Brain Metastases Diagnosis And Medical Malpractice

April 1, 2020

By Grossman Green PLLC

Many Kentucky residents will face a battle with cancer at some point during their lives. According to a new study, researchers have identified three primary risk factors for brain metastases among extensive disease small-cell lung cancer (ED-SLC) patients. These findings could help medical providers identify patients who would benefit from prophylactic cranial irradiation (PCI) treatment.

The study looked at 190 patients with ED-SLC who underwent magnetic resonance imaging (MRI) scans during their treatments. PCI was used in 27.9% of patients. At follow-up exams at approximately 10 months, patients with extrathoracic metastases, hypermetabolism of bone marrow of spleen and those with high neutrophil-to-lymphocyte ratio were all at high risk of development of brain metastases.

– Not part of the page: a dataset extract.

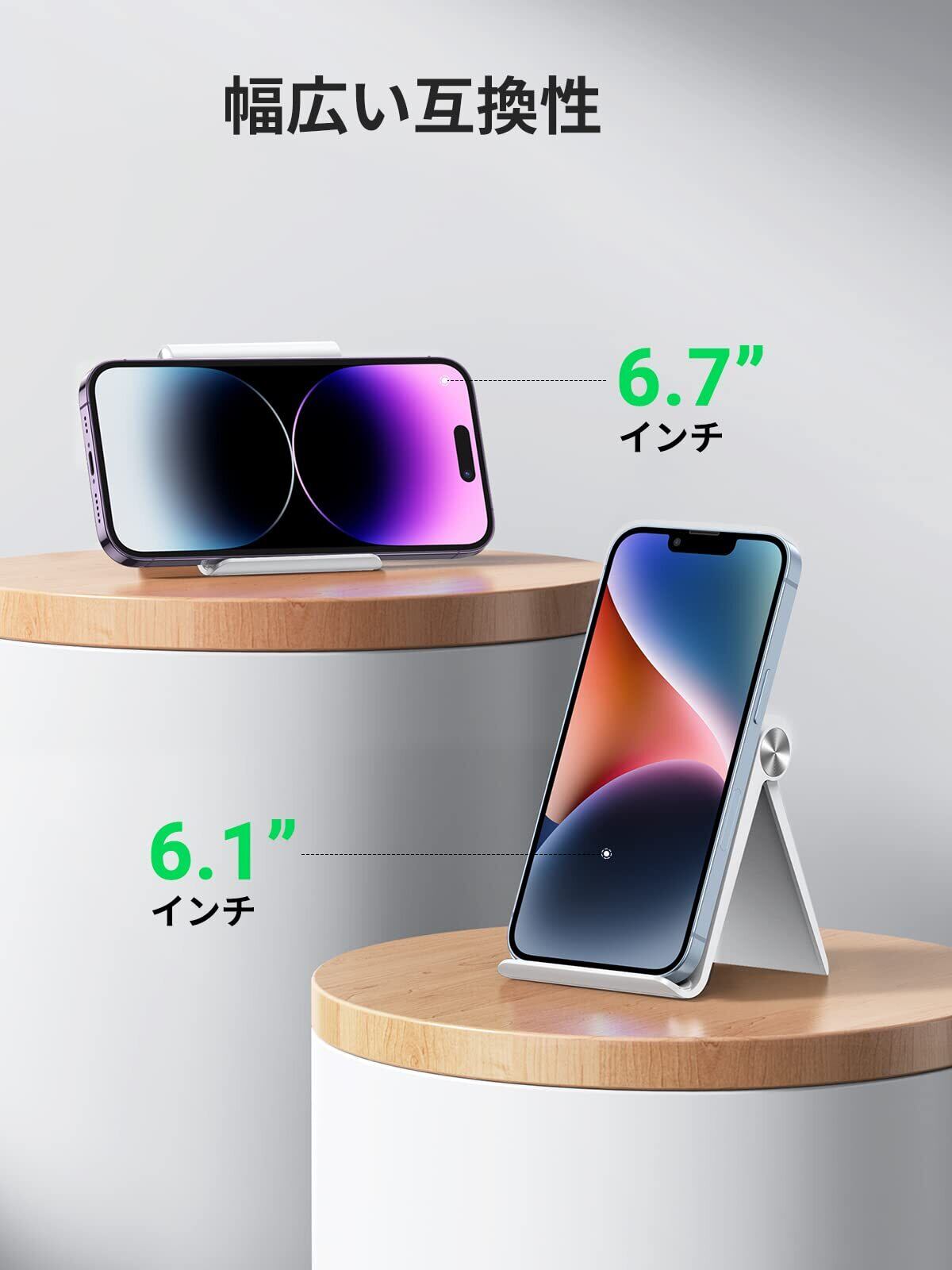 UGREEN スマホスタンド 卓上用 携帯電話スタンド Sサイズ ABS素材 iPhone 13/12/mini/Pro/ProMax/スタンド 折りたたみ式 100°角度調整可能 4~7.9インチのiPhone Androidスマホ タブレットに適用 (白)

PCI treatment among these high-risk patients was found to significantly improve brain metastases-free one-year survival rates (94.7% compared to 62.1%). There was no significant difference identified among low-risk patients who received PCI treatment. Researchers found no difference in survival rates for patients who received PCI and were at high risk for metastases not involving the brain.

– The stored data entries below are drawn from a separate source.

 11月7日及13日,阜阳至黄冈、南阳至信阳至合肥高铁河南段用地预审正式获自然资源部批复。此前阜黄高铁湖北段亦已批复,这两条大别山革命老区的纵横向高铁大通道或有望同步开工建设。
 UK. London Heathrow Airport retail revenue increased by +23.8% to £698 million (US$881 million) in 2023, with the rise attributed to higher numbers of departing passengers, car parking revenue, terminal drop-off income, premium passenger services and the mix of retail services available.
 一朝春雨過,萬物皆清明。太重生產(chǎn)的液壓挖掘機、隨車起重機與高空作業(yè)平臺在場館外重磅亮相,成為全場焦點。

Researchers noted that their findings were limited due to the small number of patients studied. They concluded that “selective use of PCI in ED-SCLC according to the risk stratification is recommended” but added that more studies are needed to validate their findings.

Failure to diagnose and properly treat a medical condition is one type of health care malpractice. Medical providers are required to keep themselves informed of the latest research and provide treatments that adhere to the standard of care for their specialty.

An experienced attorney could help a client who did not receive the correct diagnosis or treatment for their condition. For example, legal counsel may be able to argue that failing to provide a treatment that has been adopted as a widespread practice among oncologists for certain high-risk patients falls below the standard of care.